Docs: https://docs.databricks.com/en/ingestion/lakeflow-connect/gateway-event-logs.html


RECOMMENDED WORKFLOW IN YOUR SDK CODE

Update your SDK automation to follow this pattern:

1. Deploy and start the gateway -- wait for status = "Running" (as you already do)
2. Poll the gateway event log -- query the event log table periodically (e.g., every 2-5 minutes) to check the ingestion_phase for each of your 10 tables
3. Wait until all tables show CDC phase -- this means the initial snapshot has completed for every table
4. Then trigger the ingestion pipeline -- at this point, all historical data will be available in staging

Here is a conceptual Python example:

import time
from databricks.sdk import WorkspaceClient

w = WorkspaceClient()
gateway_pipeline_id = "<your-gateway-pipeline-id>"

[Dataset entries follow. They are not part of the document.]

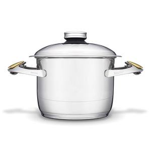 Highest Quality Materials: The 316L high-quality stainless steel used in the production of Masterpiece Cookware is exclusively used in applications where material quality matters the most: in surgical instruments, body implants, exclusive watches and other luxury products. This specific type of steel is non-porous, does not burn food while cooking, does not oxydise, does not retain food odours, causes no allergies and it is easy to clean. These qualities make it ideal for cooking food in a healthy way. And when the Syncro-Clik® lid is added, the highest quality cooking vessels are turned in a turbo cooking experience.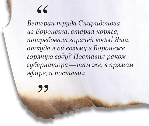Я в курсе. А нужна выдающаяся! В вас дети должны играть, как в Чапаева! Ну хорошо: детство, материнская любовь — это мы придумаем… Юношеская романтика — турпоходы там, первая любовь, вся херня… — тоже без проблем. А вот давайте мы с вами, Петр Петрович, подумаем, что делать с ГБ.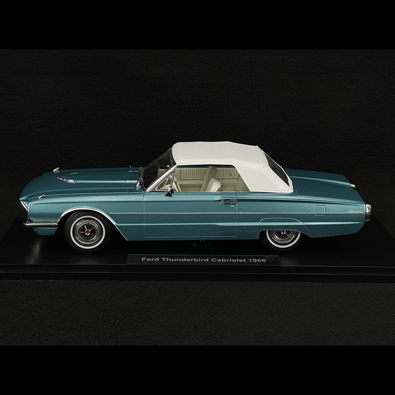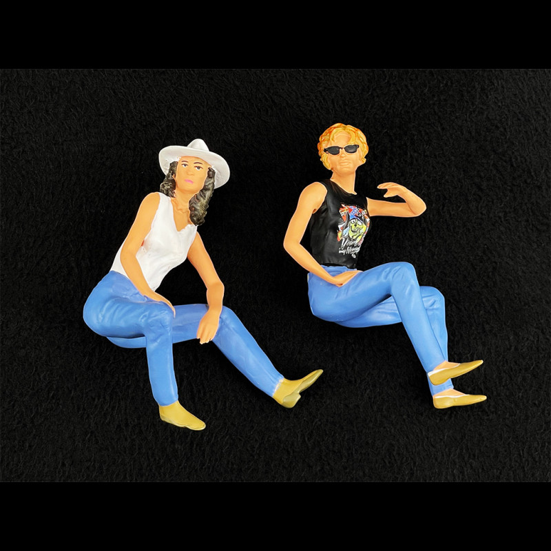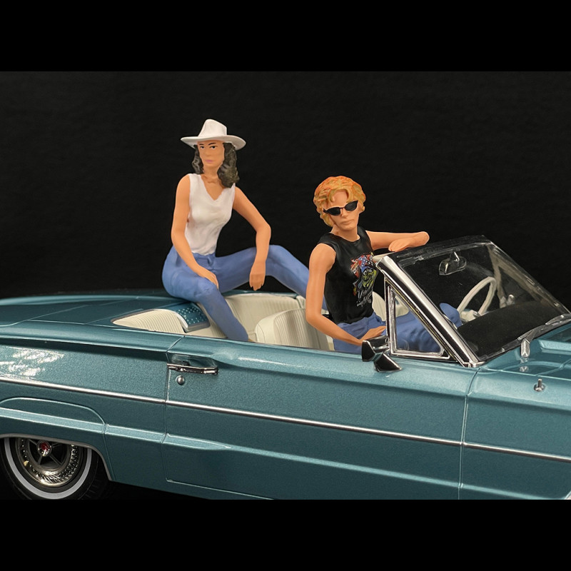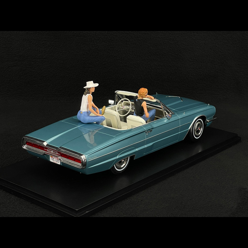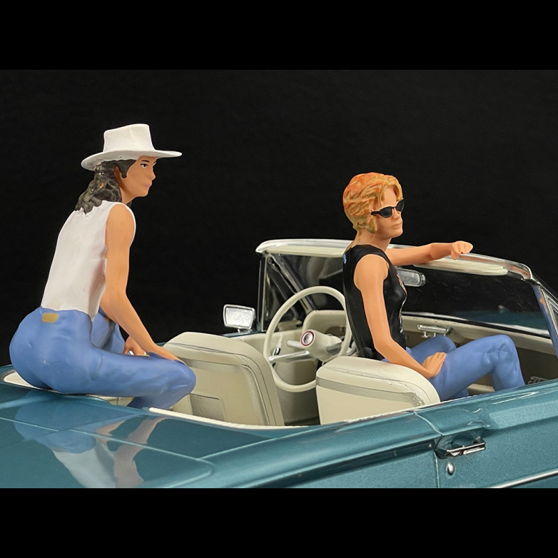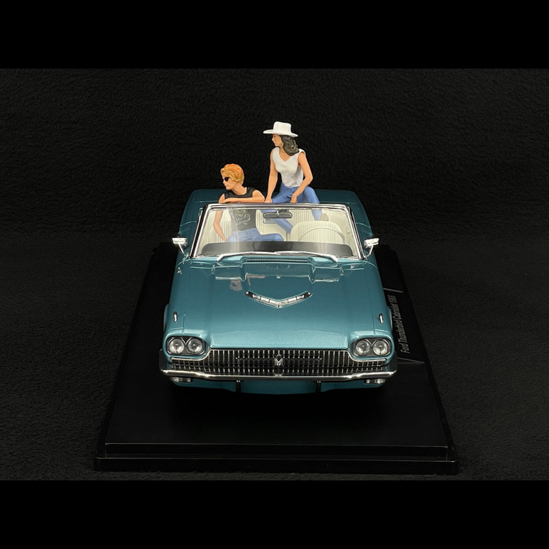 The 1/18 scale Thelma and Louise figures are made of resin and depict the two heroines in poses reminiscent of movie characters, designed to be displayed alongside the 1966 Ford Thunderbird Convertible rather than on their own. The way the figures are rendered, their clothing, and their poses make them ideal for depicting a famous scene from the 1991 film. As for the 1/18 scale 1966 Ford Thunderbird Convertible, in light metallic blue with a white roof, it faithfully reproduces the car that became a symbol of freedom and escape in the film, with its long lines, pronounced fenders, and typically "full-size" American look. Combining this Thunderbird with the figure set allows you to create a very cinematic narrative diorama: the two heroines ready to go, posed in their convertible, for a frozen Thelma & Louise scene right on your shelves.
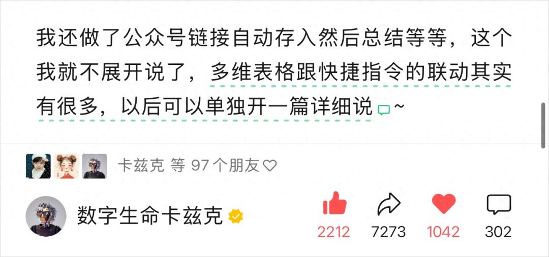 当然还有 快捷指令+多维表格+工作流的结合,跟爬虫的结合,等等等等。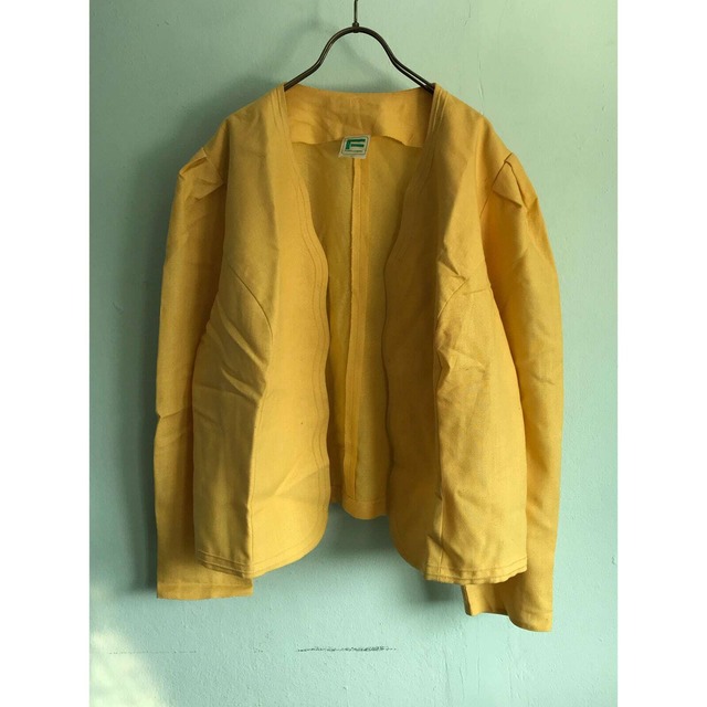 激レア rare West Germany made dead stock yellow cardigan jacket / ladies, used - ユーロ古着 西ドイツ製 80年代以前 ヴィンテージ デッドストック 薄手 ジャケット カーディガン レディース ゆったり オーバーサイズ フリー XL シール付き ビンテージ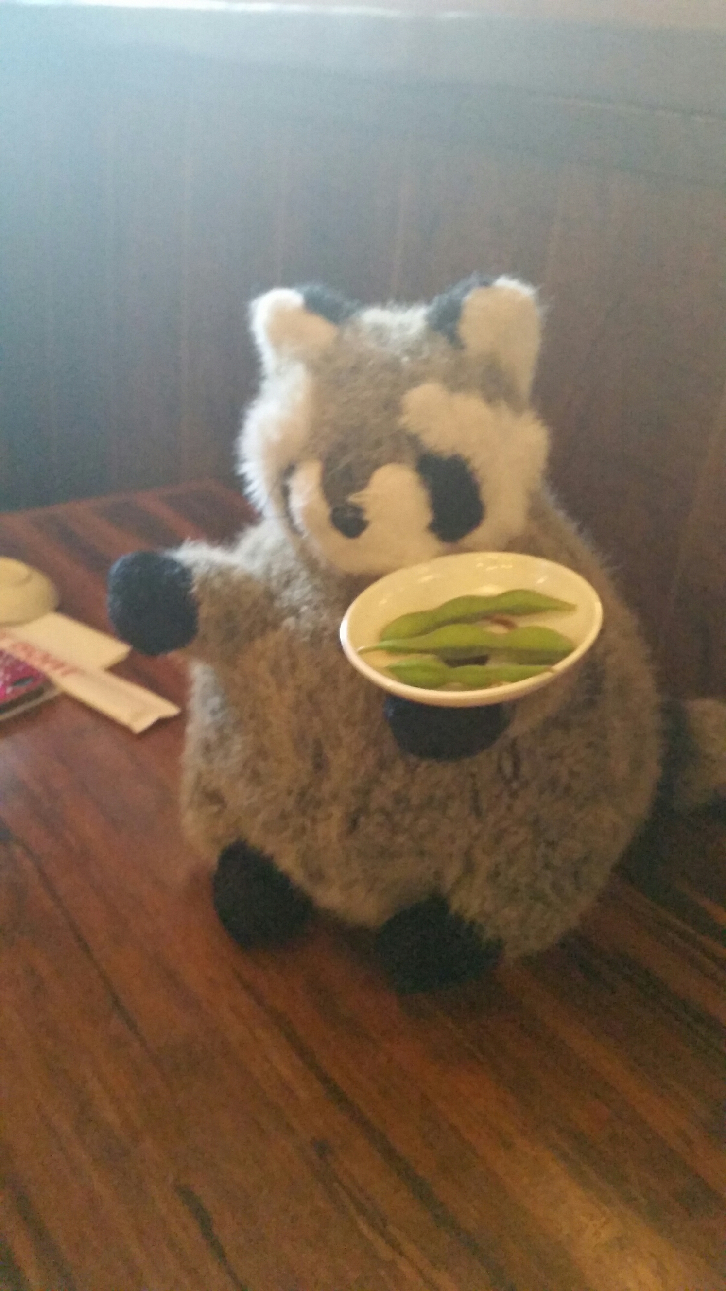 Then suddenly, it seemed to KoonKoon, they were done and Ariel got the food she needed for her smaller humans at home.  They girls had changed their minds and decided to have sushi instead.  KoonKoon was so thrilled, he loved sushi, it was one of his favorite food types ever.  The sushi was delicious, especially the eel and the House Special Roll, which was smothered with Sriacha Mayo.  He had never tried it before but it was so delicious!  He pretended he was a waiter because his little plate was the perfect size.  “Edamame anyone, on the house”? “My top secret mouth watering recipe”.

def all_snapshots_complete():
result = w.statement_execution.execute_statement(
warehouse_id="<your-warehouse-id>",
statement=f"""
SELECT
CONCAT(origin.catalog_name, '.', origin.schema_name, '.',
origin.dataset_name) AS table_name,
MAX(CASE WHEN LOWER(origin.flow_name) LIKE '%cdc%'
THEN timestamp END) AS latest_cdc
FROM event_log('{gateway_pipeline_id}')
WHERE event_type = 'flow_progress'
AND level = 'METRICS'
AND origin.pipeline_type = 'INGESTION_GATEWAY'
GROUP BY 1
"""
)
rows = result.result.data_array
if not rows or len(rows) < 10: # expecting 10 tables
return False
return all(row[1] is not None for row in rows) # all have CDC events

# Poll until snapshots complete
while not all_snapshots_complete():
print("Waiting for gateway snapshots to complete...")
time.sleep(300) # Check every 5 minutes

print("All snapshots complete -- triggering ingestion pipeline")


ADDITIONAL TIPS

- You do not need a full refresh after a partial first load. Simply let the gateway finish its snapshot, then re-run the ingestion pipeline. The pipeline will pick up all data staged since the last run.

- For the large 30M row table specifically, the snapshot may take a considerable amount of time. Monitor the rows_upserted metric in the event log to track progress.

- After the first full load completes, subsequent ingestion pipeline runs will only process incremental changes via CDC, so this wait-for-snapshot logic is primarily needed for the initial deployment.

- For Azure SQL specifically, Databricks recommends using change tracking over CDC when your tables have primary keys, as it is lighter weight on the source database.
Docs: https://learn.microsoft.com/en-us/azure/databricks/ingestion/lakeflow-connect/sql-server-source-setu...


DOCUMENTATION REFERENCES

- Managed connectors in Lakeflow Connect: https://learn.microsoft.com/en-us/azure/databricks/ingestion/lakeflow-connect/
- Monitor ingestion gateway with event logs: https://docs.databricks.com/en/ingestion/lakeflow-connect/gateway-event-logs.html
- Configure SQL Server for ingestion: https://learn.microsoft.com/en-us/azure/databricks/ingestion/lakeflow-connect/sql-server-source-setu...

Hope this helps! Let me know if you have questions about implementing the event log polling in your SDK workflow.

* This reply used an agent system I built to research and draft this response based on the wide set of documentation I have available and previous memory. I personally review the draft for any obvious issues and for monitoring system reliability and update it when I detect any drift, but there is still a small chance that something is inaccurate, especially if you are experimenting with brand new features.

NageshPatil
New Contributor III

@SteveOstrowski  I am testing it now. I'll update back once its working as expected and along with if I make any additional code changes.

Nagesh Patil

emma_s
Databricks Employee
Databricks Employee

Hi, the recommended approach on this is to just run the pipeline multiple times on the initial load until all the data is captured. You can also monitor the snapshot completed events in the gateway completed log before triggering the ingestion, but this feels like more work than just running it until it's complete, There is a private preview that could help with this. You'd need to speak to your account team about this.